Będąc na drugim roku studiów Stanisław. Pazurkiewicz, jako członek „SHP” - 18.10.1949 r. został aresztowany przez UB i osadzony w więzieniu przy Placu Inwalidów, a potem przy  ul. Montelupich. Na ławie oskarżonych przed Wojskowym Sądem Rejonowym (WSR) w Krakowie przy ul. Montelupich zasiadło ośmiu oskarżonych o dążenie do obalenia ustroju komunistycznego i za posiadanie broni. Wyrokiem tego sądu z 23.12.1949 r. Stanisław Pazurkiewicz i Ryszard Ryszka zostali  skazani na 10 lat więzienia, Józef Bator, Antoni Korpiela, Włodzimierz Ryszka na 6 lat, Jan Gnojek po wyjściu z więzienia nazywał się Gotocki, Jacek Drozdowski, Henryk Żychowski na 5 lat a Jacek Wir - Konas na 3 lata (w wyniku amnestii z 22.02.1947 r. karę darowano). Stanisław Pazurkiewicz wyrok odsiadywał w więzieniu w Tarnowie a od 22.11.1951 r w Więzieniu Centralnym w Rawiczu. Na wniosek WSR w Krakowie został zwolniony 27.12.1954 r.  Więzienia  nie przeżył kolega Jacek Drozdowski, zmarł z powodu gruźlicy. Pan Stanisław wspomina: „W Rawiczu spałem latami na mokrym betonie, który suszyłem własnym ciałem, za odmowę współpracy przez 8 dni siedziałem w wodzie, w ciemności, co drugi dzień dawano mi  jeść - po to aby więzień nie znał następnej minuty swego życia. Więźniowie umierali. Przy więzieniu był cmentarz, gdzie ich grzebano. Cudem przeżyłem. Jak wyszedłem na wolność, to przez 2 lata  leczyłem się, bo miałem ogniska gruźlicy.”.

Po wyjściu z więzienia Stanisławowi Pazurkiewiczowi nie pozwolono kontynuować studiów na Politechnice Krakowskiej. Założył rodzinę - ożenił się z Józefą Major,  na świat przyszły dwie córki: Beata i Marta. Jemu i kolegom, byłym akowcom  utrudniano życie, śledzono ich i  zakładano im teczki operacyjne. W latach 1991 - 1997 wszystkich członkom organizacji „SHP’ unieważniono wyroki i wypłacono symboliczne odszkodowania.  Byli jednaki i tacy, którzy nie doczekali przemian w Polsce po 1989 r. – zostali zamordowani w katowniach UB, nie wiadomo do dziś gdzie ich pochowano, albo zmarli nie oczyszczeni w wyroków. Pan Stanisław po wyjściu z więzienia  uczył się w Technikum Budowlanym. Pracował jako asystent projektanta architekta w Miasto Projekt Kraków a później jako projektant w Krakowskim Biurze Projektowo-Badawczym  Budownictwa Ogólnego w Krakowie – był dobrym w wykonywaniu zawodu, a w tym Biurze… cenili ludzi za pracę.   Zespół, w którym pracował  m.in. projektował w Krakowie Osiedle na Prądniku Czerwonym.
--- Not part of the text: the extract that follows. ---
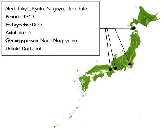 Norio Nagayama var 16 år gammel, da han i 1965 blev vidne til en gidselsituation i Shibuya i Tokyo, hvor gerningsmanden Misao Katagiri åbnede ild mod politiet og de flere tusinde opmødte på gaden. Dette inspirerede Nagayama til tre år senere at begå sine egne forbrydelser, da han som 19-årig tog på et drabstogt rundt omkring i Japan, hvor han slog 4 tilfældige mænd ihjel med en pistol, som han havde stjålet fra en amerikansk flådebase. Det første af disse drab fandt sted den 11. oktober 1968, hvor Nagayama skød en 27-årig vagt på Tokyo Prince Hotel. Tre dage senere var han taget til Kyoto, hvor han skød endnu en vagt - denne gang en 69-årig mand, der patruljerede ved Yasaka-helligdommen. Den 26. oktober var Nagayama så ankommet til Hokkaido, hvor han skød en 31-årig taxachauffør i Hakodate, og det sidste drab fandt sted den 5. november, hvor han skød endnu en taxachauffør - en 22-årig mand i Nagoya. Mens de første to ofre var blevet slået ihjel uden grund, så blev de to sidste dræbt i forbindelse med et røveri. Alle ofre var ikke desto mindre mænd i arbejde.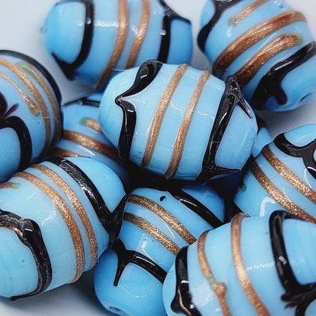 $18.00 AUDUnit price /Unavailable19x14mm Oval (10) - Light Blue w. Aventurine & Black - Glass Vintage Replica Trade Lampwork Beads

W latach 1977 – 1988 zajmował się przewożeniem na trasie Kraków – Nowy Sącz prasy drukowanej poza cenzurą w podziemiu przez Niezależny Samorządny Związek Zawodowy  „Solidarność”.  W tym okresie był w stałym kontakcie z przyjaciółmi z więzienia w Rawiczu: Bogumiłem Studzińskim ze Zrzeszenia „WiN”, późniejszym działaczem „Ruchu Obrony Praw Człowieka i Obywatela” (ROBCiO)  i Henrykiem Ferencem z PPAN - Polskiej Podziemnej Armii Niepodległościowej, której ks. Władysław Gurgacz był kapelanem.  W 1981 r. po strajku został zwolniony z powodu działalności w NSZZ „Solidarność” i współorganizowania strajku w Biurze…powiedziano mu, że nie ma dla niego zleceń -  w ten sposób zmuszono go do przejścia na wcześniejszą emeryturę.  Po stanie wojennym, nie będąc pracownikiem razem z kolegami  reaktywował NSZZ „Solidarność” w Biurze... Od 1989 r. należał do Światowego Związku Żołnierzy Armii Krajowej i Związku Więźniów Politycznych Okresu Stalinowskiego  (ZWPOS) w Krakowie by służyć swoim kolegom. W AK  był kapralem,  za walkę o niepodległość otrzymał stopień podporucznika, a za służbę w ZWPOS -  stopień kapitana.  W ZWPOS pełnił funkcję: w Zarządzie  wiceprezesa, przewodniczącego Komisji Socjalnej i przez wiele lat przewodniczącego  Komisji Rewizyjnej.  Uczestniczył w zjazdach byłych więźniów w Rawiczu. Na murach tego więzienia są tablice upamiętniające tych, co stracili życie. Jest emerytem-inwalidą,  wdowcem, dziadkiem.  Modli się codziennie żeby  wszystkie jego wnuki i wnuczki miały rodziny, dzieci i żeby żyjąc w rodzinach ze swoimi najbliższymi kochali się, byli szczęśliwi i żyli dla chwały Boga i dobra Ojczyzny.  Ofiaruje im książkę „Życie. Bez wyjątku” wydaną przez  Polskie Stowarzyszenie Obrońców Życia Człowieka.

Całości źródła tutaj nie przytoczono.